For example, a flume event with the timestamp header set to 11:44:34 AM, April 08, 2020, and ‘country’ header set to ‘India’ will evaluate to the partition (continent=’asia’, country=’India’, time=‘2020-04-08-11-40’.
The serializer is configured in such a way that to accept tab-separated input containing three fields and skip the second field.
3. Logger sink
The Logger sink logs event at the information level. It is used for testing or debugging purposes. Logger sink is the only exception that does not require the extra configuration.
The configuration property for logger sink are:
Property Name | Default Value | Description |
channel | – | Specify the channels through which an event travels. |
type | – | It specifies the component type. It must be logger. |
maxBytesToLog | 16 | It specifies the maximum number of bytes of the Event body to log. |
Example for the agent named agent1, sink sk1, and channel ch1:
agent1.channels = ch1 agent1.sinks = sk1 agent1.sinks.sk1.type = logger agent1.sinks.sk1.channel = ch1
4. Avro sink
The Avro sink turns Flume events into Avro events and sends them to the configured hostname/port pair. The flume events are taken in batches of configured batch size from the configured Channel. The Avro sink forms one half of the Apache Flume’s tiered collection support.
Some of the properties of the Avro sink are:
Property Name | Default Value | Description |
channel | – | Specify the channels through which an event travels. |
type | – | It specifies the component type.
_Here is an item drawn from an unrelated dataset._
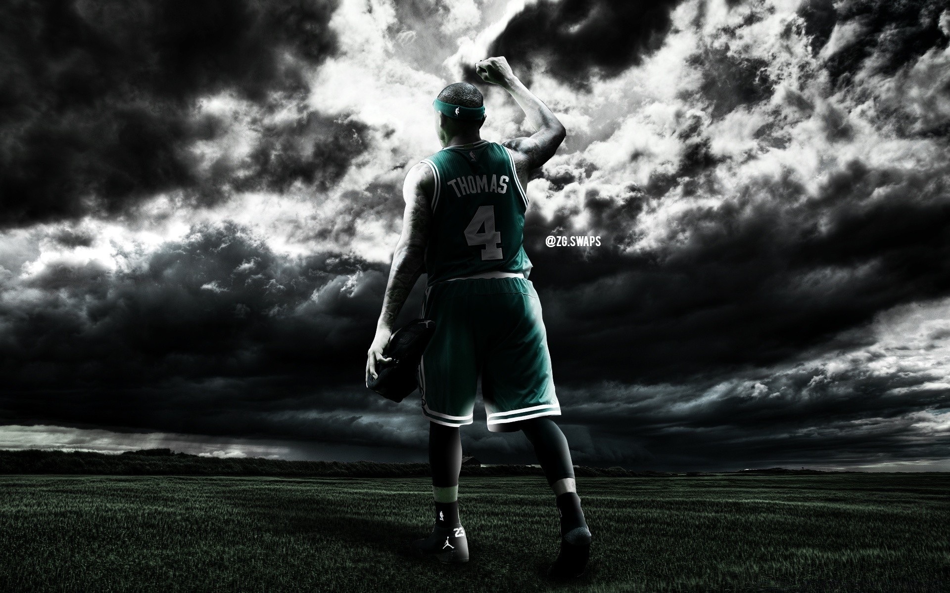 Giocatore di basket sullo sfondo di un temporale
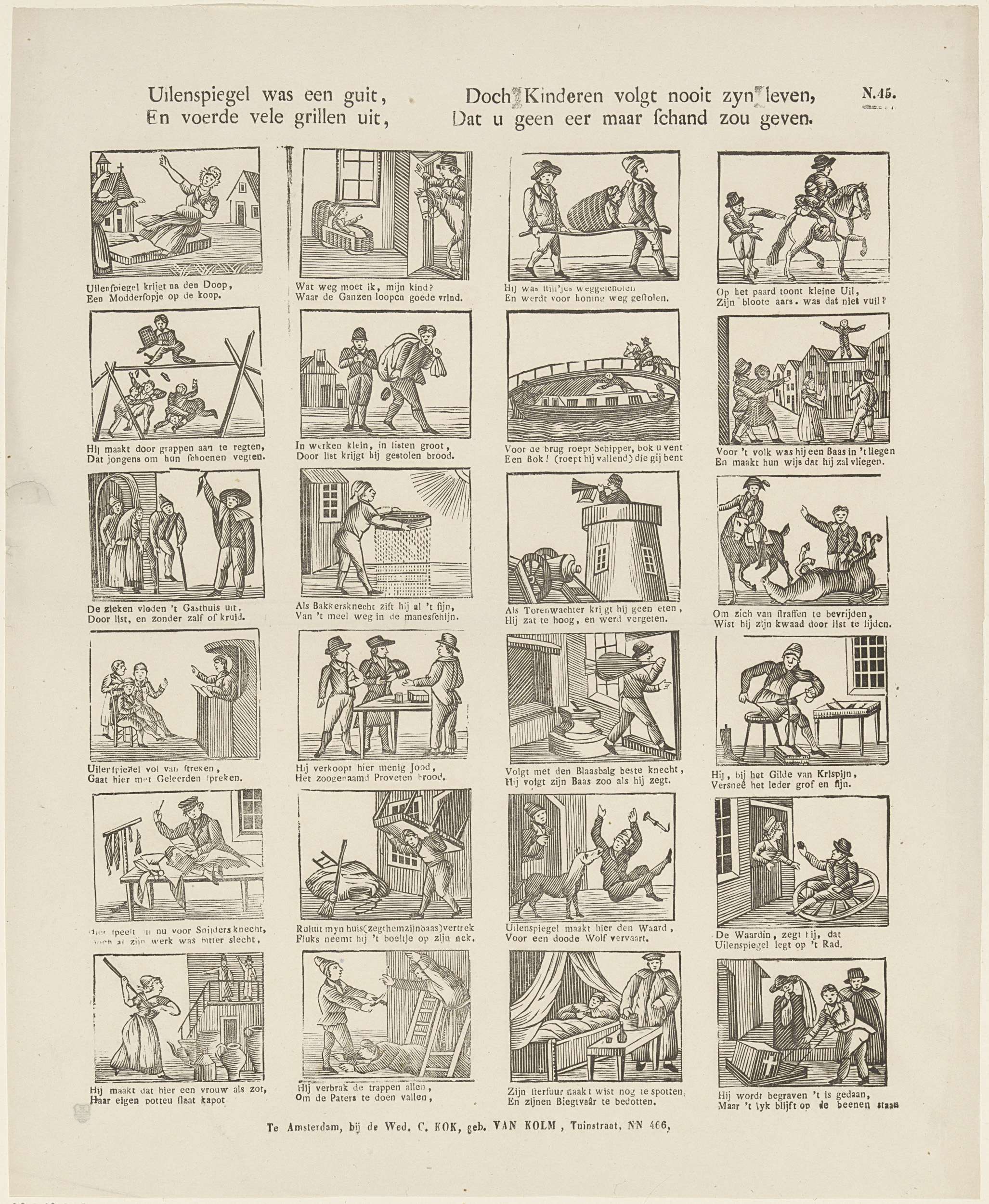 Blad met 24 voorstellingen over het leven van Tijl Uilenspiegel. Onder elke afbeelding een tweeregelig vers. Genummerd rechtsboven: No. 45.

It must be avro. |
hostname | – | It specifies the hostname or IP address to bind to. |
port | – | It specifies the port # to listen on. |
batchSize | 100 | It specifies the number of events to batch together for sending. |
Example for the agent named agent1, sink sk1, channel ch1:
agent1.channels = ch1 agent1.sinks = sk1 agent1.sinks.sk1.type = avro agent1.sinks.sk1.channel = ch1 agent1.sinks.sk1.hostname = 10.10.10.10 agent1.sinks.sk1.port = 4545
5. Thrift sink
The Thrift sink turns the Flume events into the Thrift events and sends them to the configured hostname/port pair. The flume events are taken in batches of configured batch size from the configured Channel.
We can configure the Thrift sink to start in secure mode by enabling the Kerberos authentication. For communicating with a Thrift source which is started in the secure mode we need the Thrift sink to be operated in a secure mode.
The client-principal and client-keytab are two properties used by the Thrift sink for authentication to the Kerberos KDC.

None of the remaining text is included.